Sono sempre stato contrario alle ‘ultra-mitizzazioni’ tradotte in forma cinematografica, ovvero quelle pellicole il cui scopo principale sembra vertere sullo ‘stordimento cerebrale’ dello spettatore, sorta di ‘distorsione della mente’ sotto forma di immagini.

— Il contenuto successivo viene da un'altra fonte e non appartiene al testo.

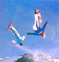 | Saltos. El saltador realiza una serie de acrobacias iniciando el ejercicio lanzándose por la pista hacia una rampa especial desde la que sale proyectado hacia el aire. La puntuación juzga el despegue, la forma y ejecución de la maniobra en el aire y el aterrizaje. Las puntuaciones de los jueces se multiplican por el grado de dificultad y se descartan las puntuaciones mayor y menor. | ![]() |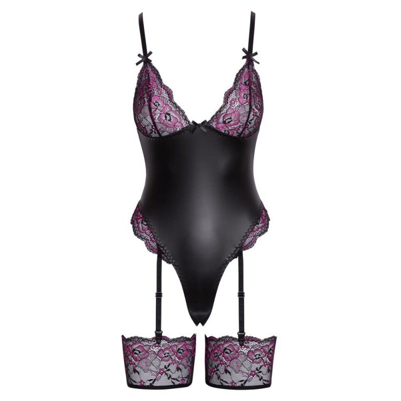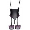 Rachelle - Body Dentelle & Simili Cuir Noir & Mauve - Cotteli Lingerie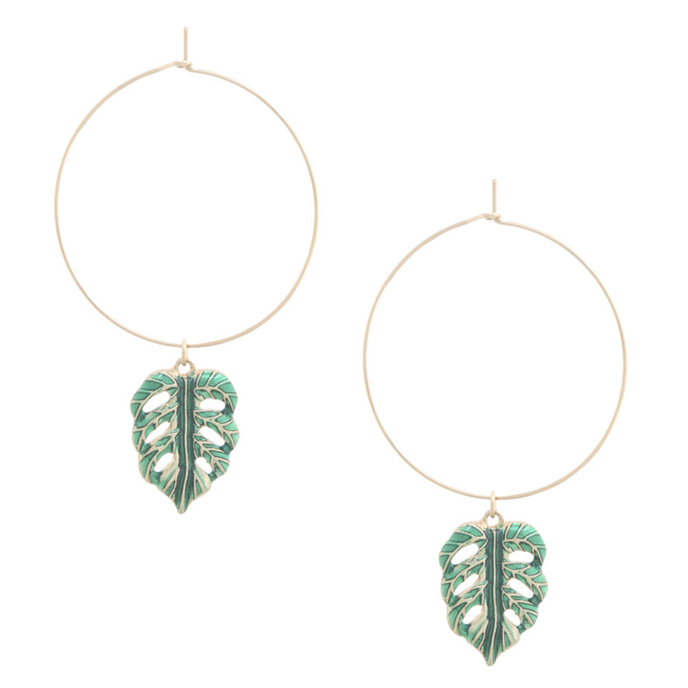 SODAJO TROPICAL LEAF CHARM HOOP EARRING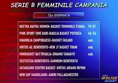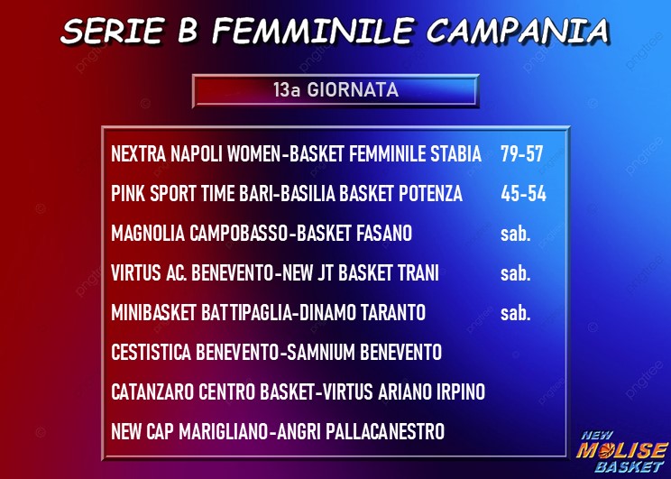 Già disputate due gare in questa tredicesima giornata: si tratta di Napoli Women-Stabia, terminata 79-57, e Bari-Potenza, conclusa col punteggio di 45-54. Per il resto, il calendario propone due sfide interessanti, come i match fra Marigliano ed Angri e fra Catanzaro ed Ariano Irpino. In programma, poi, Battipaglia-Taranto e, infine, l’ennesimo derby beneventano fra Cestistica e Samnium. ATTENZIONE: la classifica qui sotto non tiene conto delle due gare già giocate in questa tredicesima giornata.

‘THE DOORS’ di Oliver Stone e’ emblematico, in questo senso: esso risulta essere piu’ un ‘viaggio’ che una compatta, fedele biografia su di una indissolubile icona musicale del Ventesimo Secolo: il film e’ uno ‘sballo’ continuo, le ‘pazzie’ ed ossessioni di Jim Morrison vengono ‘vomitate’ dal grande schermo sulla platea di adoranti fans: e’ praticamente impossibile scindere lo stato di febbricitante, ‘malata’ eccitazione della folla ai concerti dei Doors dal sentimento di morbosa, insaziabile  curiosita’ espressa dall’’altra folla’, ovvero i ‘cinema-goers’ piombati nelle sale cinematografiche, spinti dal feroce desiderio di assistere finalmente alla tanto agognata versione cine-biografica dedicata al loro immortale eroe, la cui figura non e’ mai stata abbandonata, ad oltre 30 anni dalla sua misteriosa morte, da quell’alone di leggenda ed enigma che da sempre avvolge il personaggio-Morrison.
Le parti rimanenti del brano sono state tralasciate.